For many patients waiting for a donor heart, the only way to live a decent life is with the help of a pump attached directly to their heart. This pump requires about as much power as a TV, which it draws from an external battery via a seven-millimetre-thick cable. The system is handy and reliable, but it has one big flaw: despite medical treatment, the point at which the cable exits the abdomen can be breached by bacteria.
ETH Zurich researcher and engineer Andreas Kourouklis is working to soon make this problem a thing of the past. With the support of ETH Zurich Professor Edoardo Mazza and physicians from the German Heart Centre in Berlin, Kourouklis has developed a new cable system for heart pumps that doesn’t cause infections. This is particularly important given that wireless methods of transmitting power remain unavailable to patients in the foreseeable future. Kourouklis has received a Pioneer Fellowship from ETH Zurich to advance his technology.
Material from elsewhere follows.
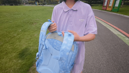 背包越是大容量就意味着负重,孩子们上下学,无论是走路、坐车还是骑车,体力消耗巨大。尤其是夏天,天气炎热,书包的透气性就很重要。咱不说专利的护脊背板和气流流动设计这些专业名词,我家女儿上学大约走2公里,过两个红绿灯吧,说背这个包背部一点儿都不显热,透气散热快舒服不压背。
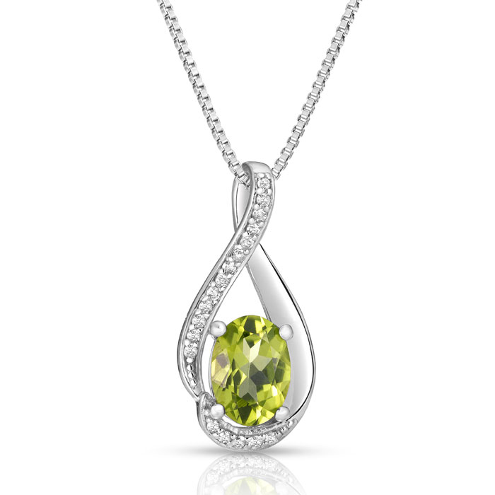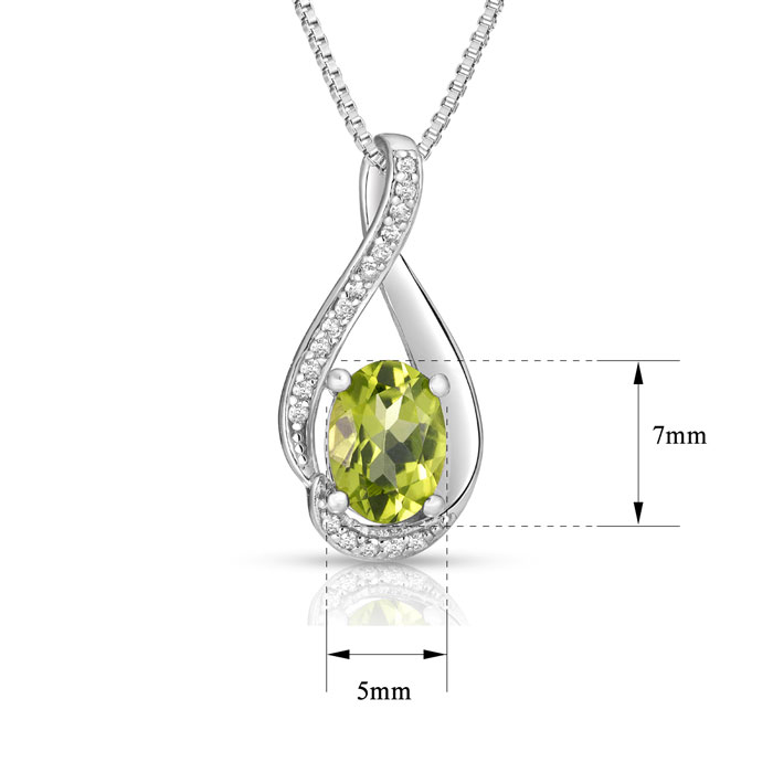 This stunning peridot necklace features one 7x5mm oval shape peridot gemstone weighing approximately 1 carat. It is surrounded by 18 sparkling diamonds in H-I color, I2-I3 clarity at 0.08 carats. Total carat weight is approximately 1.08 carats. This necklace is crafted in sterling silver and comes with an 18 inch box chain with spring ring clasp.

Thin wires with craters instead of a thick cable
“The thick cable used in existing ventricular assist systems creates an open wound that doesn’t heal and severely compromises patients’ quality of life”, Kourouklis says. Scar tissue with a limited blood supply forms around the exit point. This not only impairs the skin’s ability to heal itself but also increases the risk of infection. Since the outer layers of the skin are wounded and loosely attached to the flat surface of the thick cable, they grow in downwards. As a result, bacteria can travel from the surface of the skin into deeper tissue layers, often leading to patients having to struggle with infections and rehospitalisation.
The ETH Zurich researchers have come up with a technology to remedy the situation. Instead of powering the heart pump via a thick cable that is much stiffer than human skin, they use several thin and flexible wires with a rough, irregular surface. Kourouklis and his team compare their approach with the way in which human hair breaks through the skin without causing infections: “More flexible wires whose surface is full of microscopic craters help the skin heal,” Kourouklis says. The reason for this is that the outermost layers of skin adhere better to these wires and don’t grow inwards. New tissue forms more quickly, and the skin is more likely to remain intact as a barrier against bacterial infection.